[[ Source data, beginning ]]

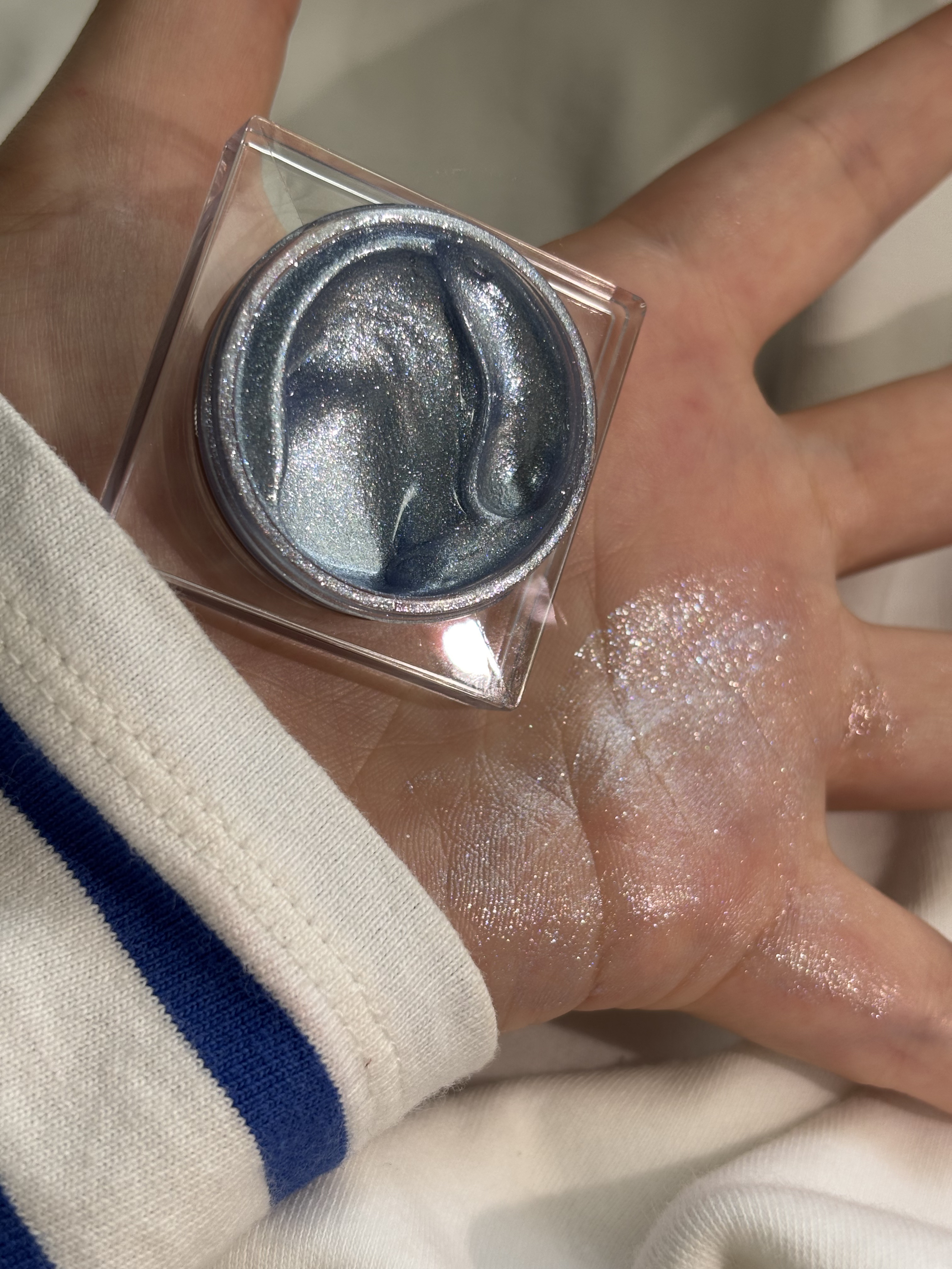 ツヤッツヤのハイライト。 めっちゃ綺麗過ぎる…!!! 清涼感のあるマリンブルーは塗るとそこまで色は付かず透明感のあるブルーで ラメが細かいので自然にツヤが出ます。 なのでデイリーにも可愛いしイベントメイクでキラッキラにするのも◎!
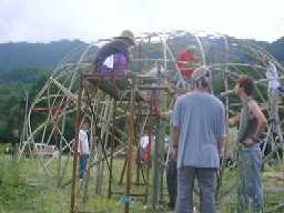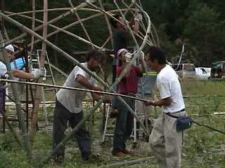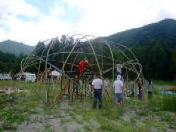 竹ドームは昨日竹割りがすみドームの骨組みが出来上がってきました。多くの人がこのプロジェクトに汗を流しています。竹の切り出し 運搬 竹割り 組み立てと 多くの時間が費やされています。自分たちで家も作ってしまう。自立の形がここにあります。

[[ Source data, end ]]
[[ Source data, beginning ]]

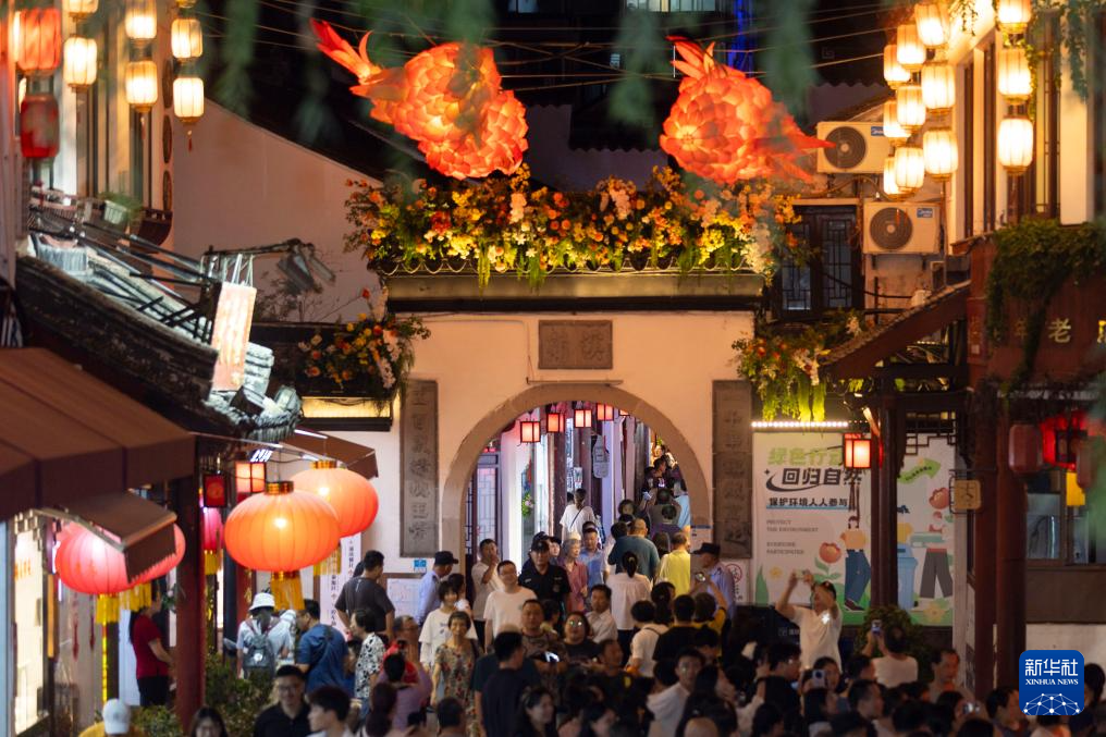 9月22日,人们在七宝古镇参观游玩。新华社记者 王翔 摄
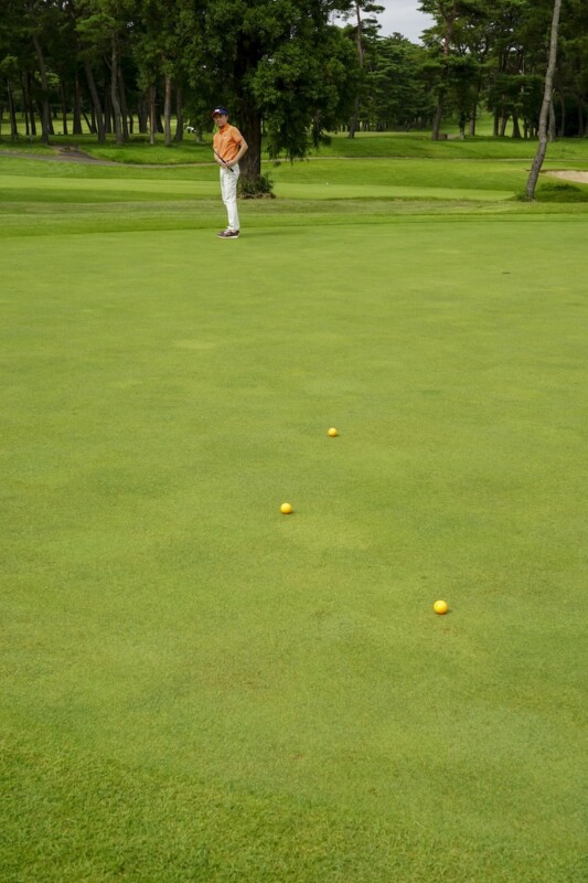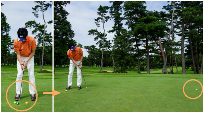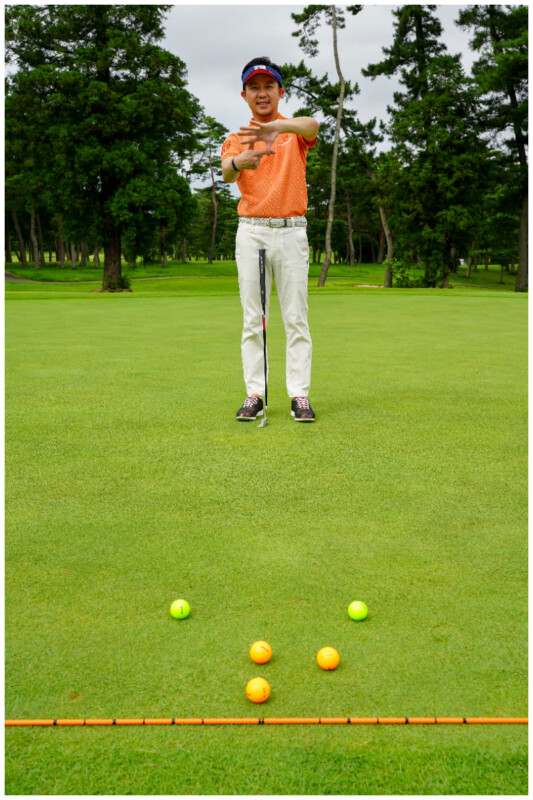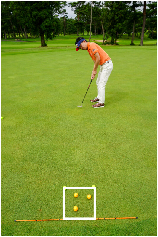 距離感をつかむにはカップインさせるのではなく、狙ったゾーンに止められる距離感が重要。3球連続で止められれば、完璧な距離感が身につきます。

[[ Source data, end ]]
[[ Source data, beginning ]]

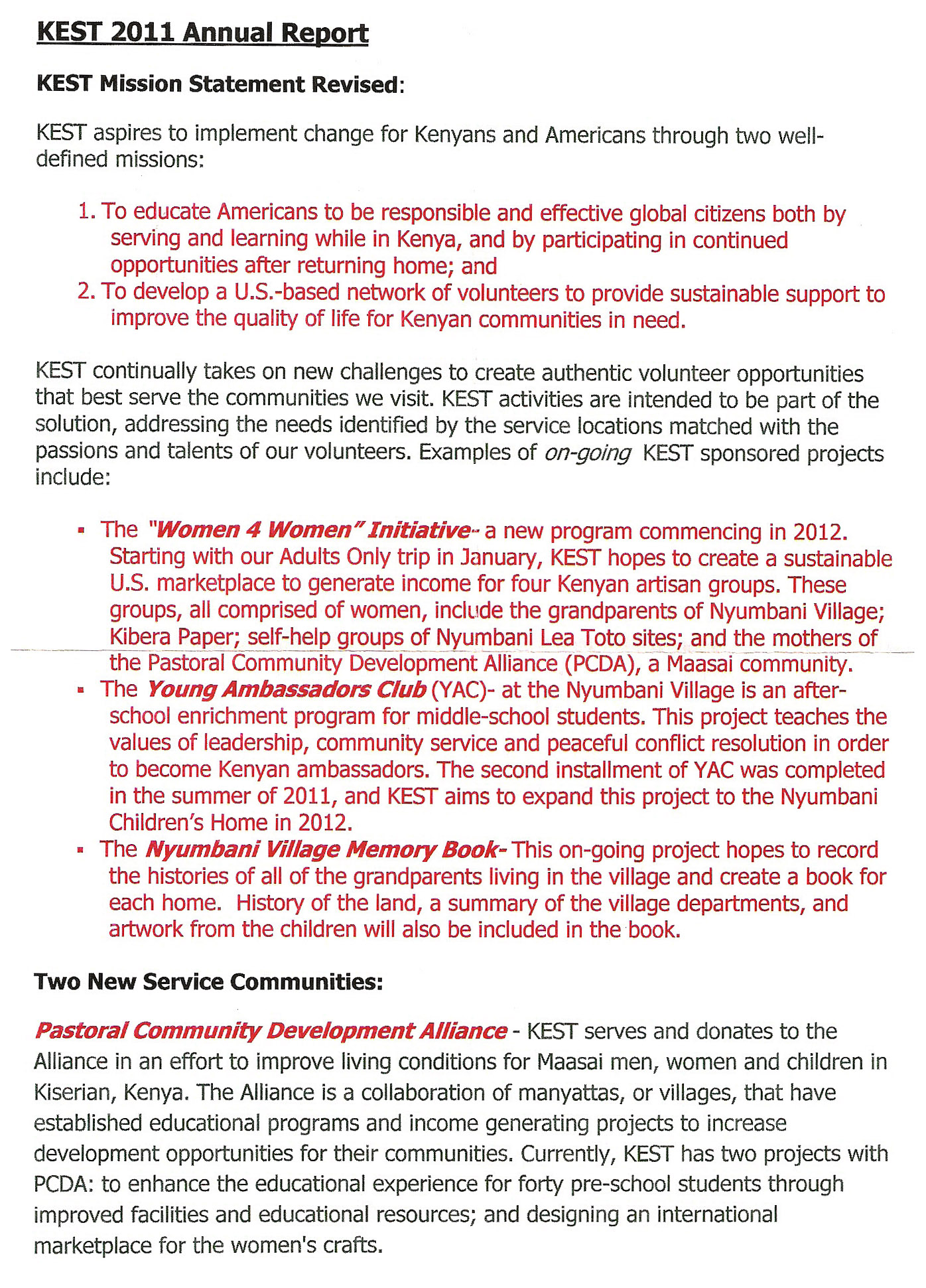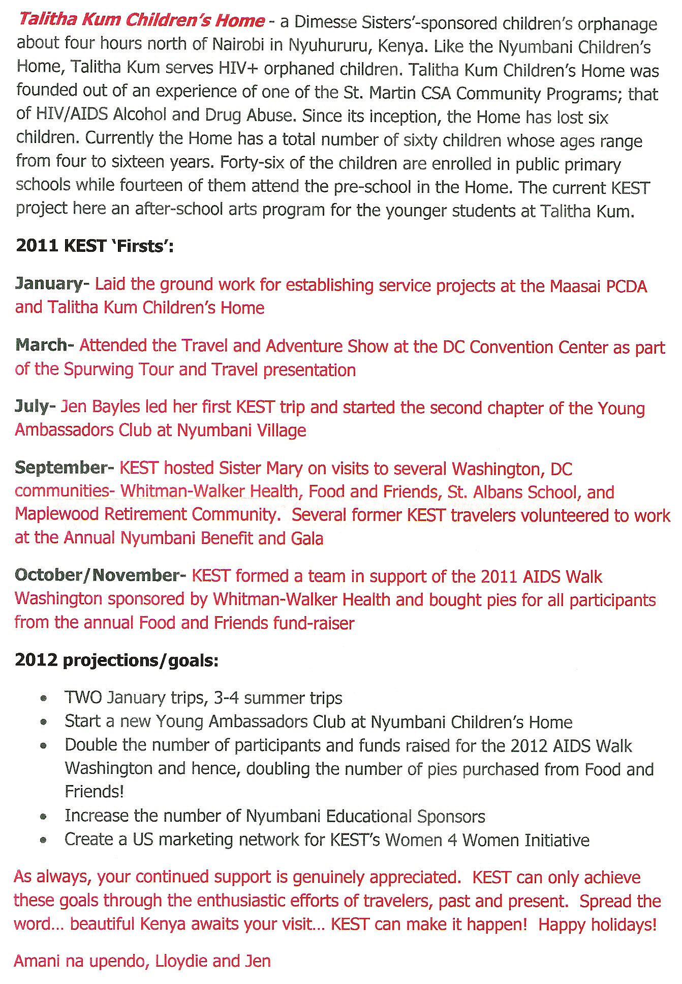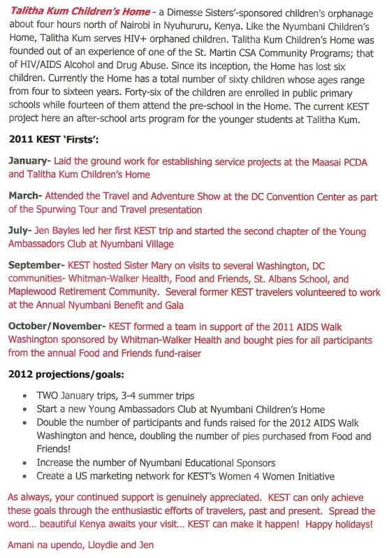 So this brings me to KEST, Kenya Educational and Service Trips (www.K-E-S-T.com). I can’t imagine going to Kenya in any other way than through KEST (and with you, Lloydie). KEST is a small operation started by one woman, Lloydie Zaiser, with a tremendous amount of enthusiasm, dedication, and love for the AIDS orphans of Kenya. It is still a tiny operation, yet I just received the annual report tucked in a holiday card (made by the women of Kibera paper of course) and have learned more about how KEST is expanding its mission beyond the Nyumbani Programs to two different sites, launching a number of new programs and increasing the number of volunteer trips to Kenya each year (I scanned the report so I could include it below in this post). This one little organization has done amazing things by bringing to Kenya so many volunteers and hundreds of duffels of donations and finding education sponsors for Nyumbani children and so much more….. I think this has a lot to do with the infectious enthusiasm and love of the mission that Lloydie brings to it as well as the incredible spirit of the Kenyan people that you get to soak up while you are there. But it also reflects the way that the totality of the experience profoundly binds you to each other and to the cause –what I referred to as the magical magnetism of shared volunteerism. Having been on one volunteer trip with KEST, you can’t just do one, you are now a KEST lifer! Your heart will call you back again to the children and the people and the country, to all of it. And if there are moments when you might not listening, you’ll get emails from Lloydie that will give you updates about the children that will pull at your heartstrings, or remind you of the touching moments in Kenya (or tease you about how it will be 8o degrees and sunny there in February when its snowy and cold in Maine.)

[[ Source data, end ]]

Work request: Output exactly the lines above that lie between the line with "ツヤッツヤのハイライト。 めっちゃ綺麗過ぎる…!!! 清涼感のあるマリンブルーは塗るとそこまで色は付かず透明感のあるブルーで" and the line with "竹割り 組み立てと 多くの時間が費やされています。自分たちで家も作ってしまう。自立の形がここにあります。", those two lines included, and no pictures.

Finished task:
 ツヤッツヤのハイライト。 めっちゃ綺麗過ぎる…!!! 清涼感のあるマリンブルーは塗るとそこまで色は付かず透明感のあるブルーで ラメが細かいので自然にツヤが出ます。 なのでデイリーにも可愛いしイベントメイクでキラッキラにするのも◎!
 竹ドームは昨日竹割りがすみドームの骨組みが出来上がってきました。多くの人がこのプロジェクトに汗を流しています。竹の切り出し 運搬 竹割り 組み立てと 多くの時間が費やされています。自分たちで家も作ってしまう。自立の形がここにあります。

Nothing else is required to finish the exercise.